The test is firstly do mkfs.ext4 on raid1 then start fio on it, on storage
side we unmap all the lv (could during mkfs or fio), then on server side
we hit the BUG (reproducible).

The path of bio was confirmed by add tracing, it is reused in sync_request_write()
with 'bi_next' once chained inside blk_attempt_plug_merge().

We also tried to reset the bi_next inside sync_request_write() before
generic_make_request() which also works.

The testing was done with 4.4, but we found upstream also left bi_next
chained after done in request, thus we post this RFC.

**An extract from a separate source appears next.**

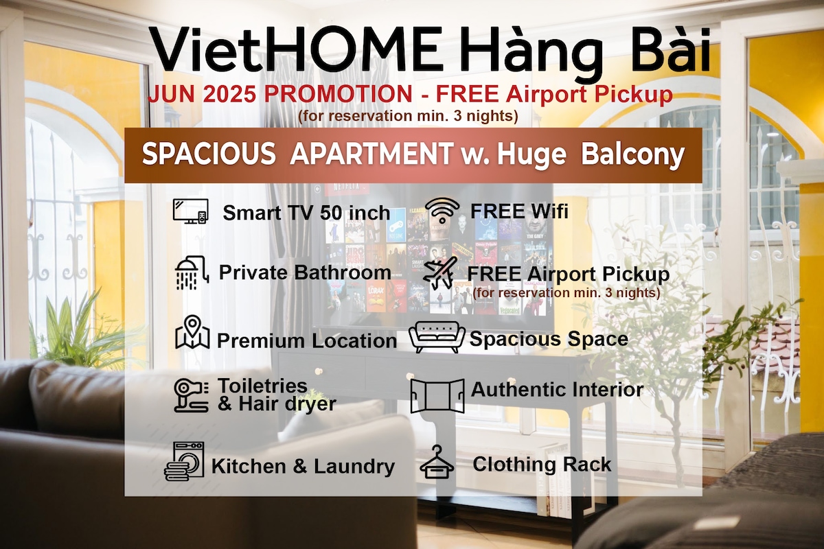 * PROMOTION FOR RESERVATIONS MIN. 3 NIGHTS: FREE ONE WAY AIRPORT TRANSFER * *Elevator is in the building *NETFLIX account pre-installed *20 minutes walk to Hoan Kiem lake & Old Quarter Area Welcome to our house - a newly renovated apartment & just a short walk to Old Quarter, while quiet enough to relax from the chaotic street noise. You will get a chance to truly live a Hanoian life with local food in a secure surrounding area. While in Hanoi, live like a local!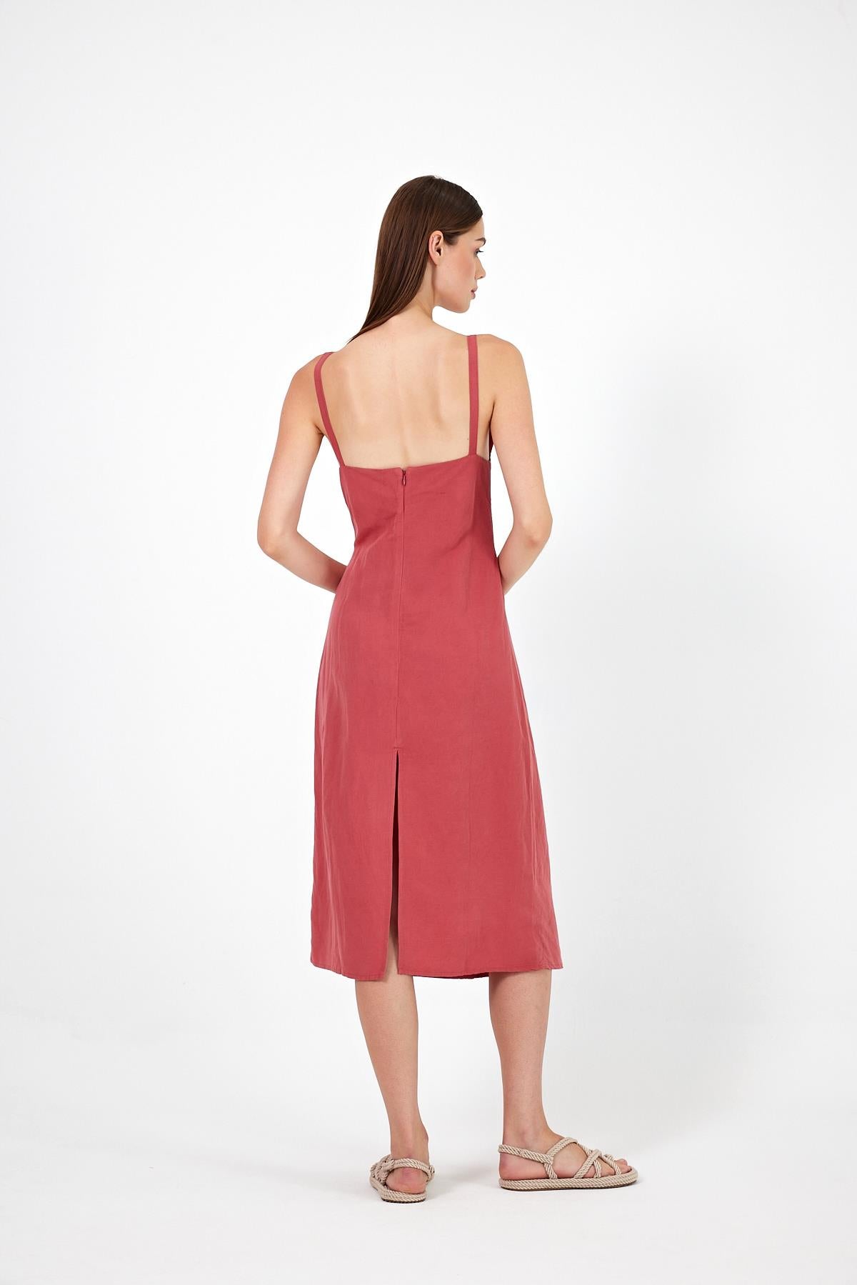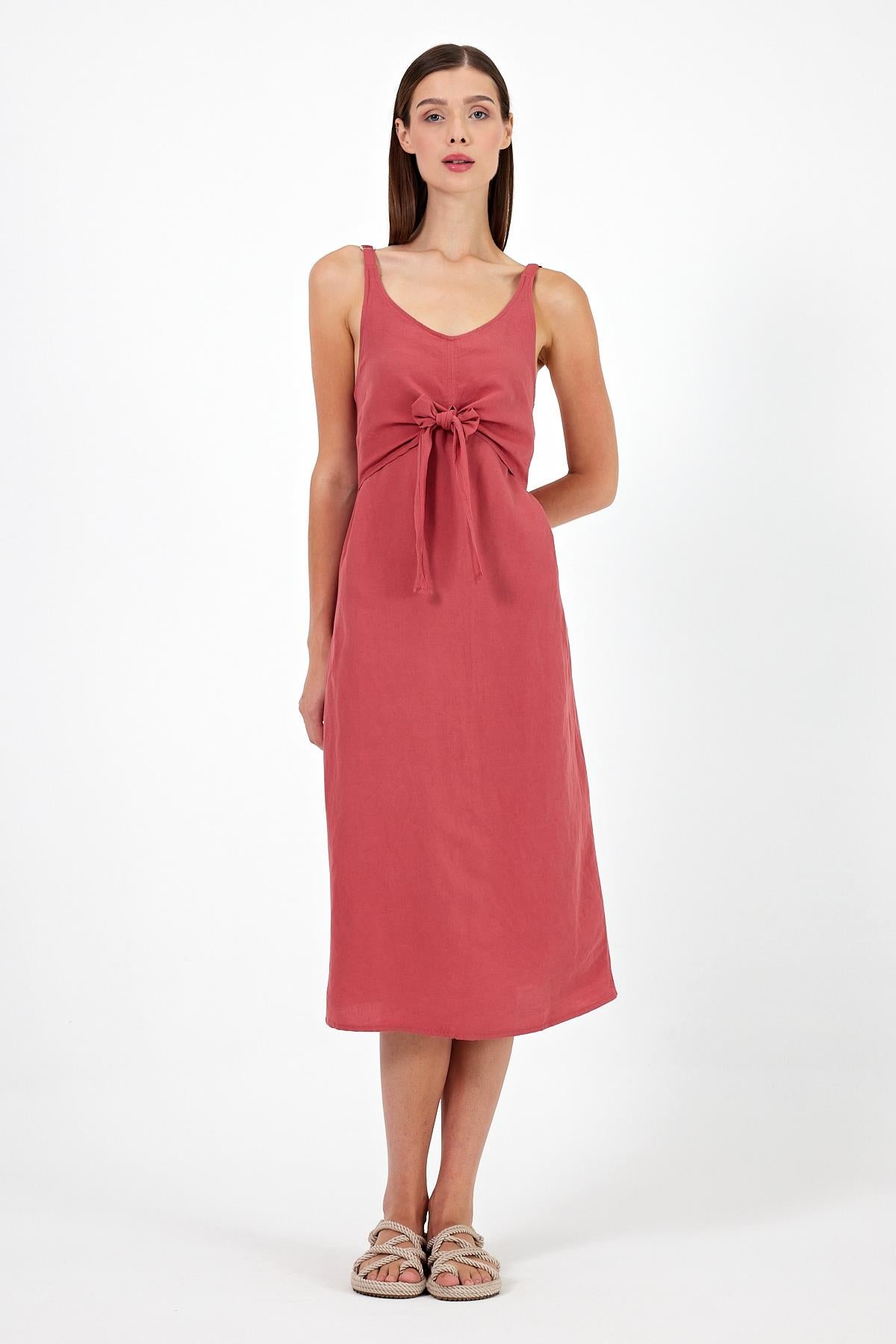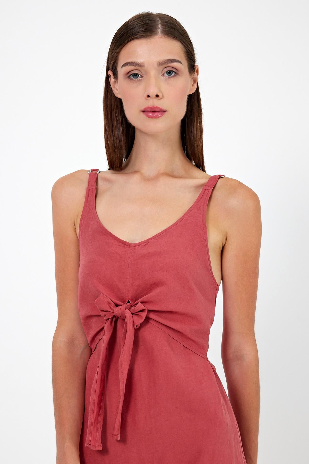 Kadın Önden Bağlamalı Keten Elbise - Gülkurusu

Regarding raid1, we haven't found the place on path where the bio was
reset... where does it supposed to be?

BTW the fix_sync_read_error() also invoked and succeed before trigger
the BUG.

Regards,
Michael Wang

> 
> Thanks,
> NeilBrown
> 
> 
>>         BUG_ON(bio->bi_next)
>>
>> After reset the 'bi_next' this can no longer happen.
>>
>> Signed-off-by: Michael Wang <yun.wang@profitbricks.com>
>> ---
>>  block/blk-core.c | 4 +++-
>>  1 file changed, 3 insertions(+), 1 deletion(-)
>>
>> diff --git a/block/blk-core.c b/block/blk-core.c
>> index 43b7d06..91223b2 100644
>> --- a/block/blk-core.c
>> +++ b/block/blk-core.c
>> @@ -2619,8 +2619,10 @@ bool blk_update_request(struct request *req, int error, unsigned int nr_bytes)
>>                 struct bio *bio = req->bio;
>>                 unsigned bio_bytes = min(bio->bi_iter.bi_size, nr_bytes);
>>
>> -               if (bio_bytes == bio->bi_iter.bi_size)
>> +               if (bio_bytes == bio->bi_iter.bi_size) {
>>                         req->bio = bio->bi_next;
>> +                       bio->bi_next = NULL;
>> +               }
>>
>>                 req_bio_endio(req, bio, bio_bytes, error);
>>
>> -- 
>> 2.5.0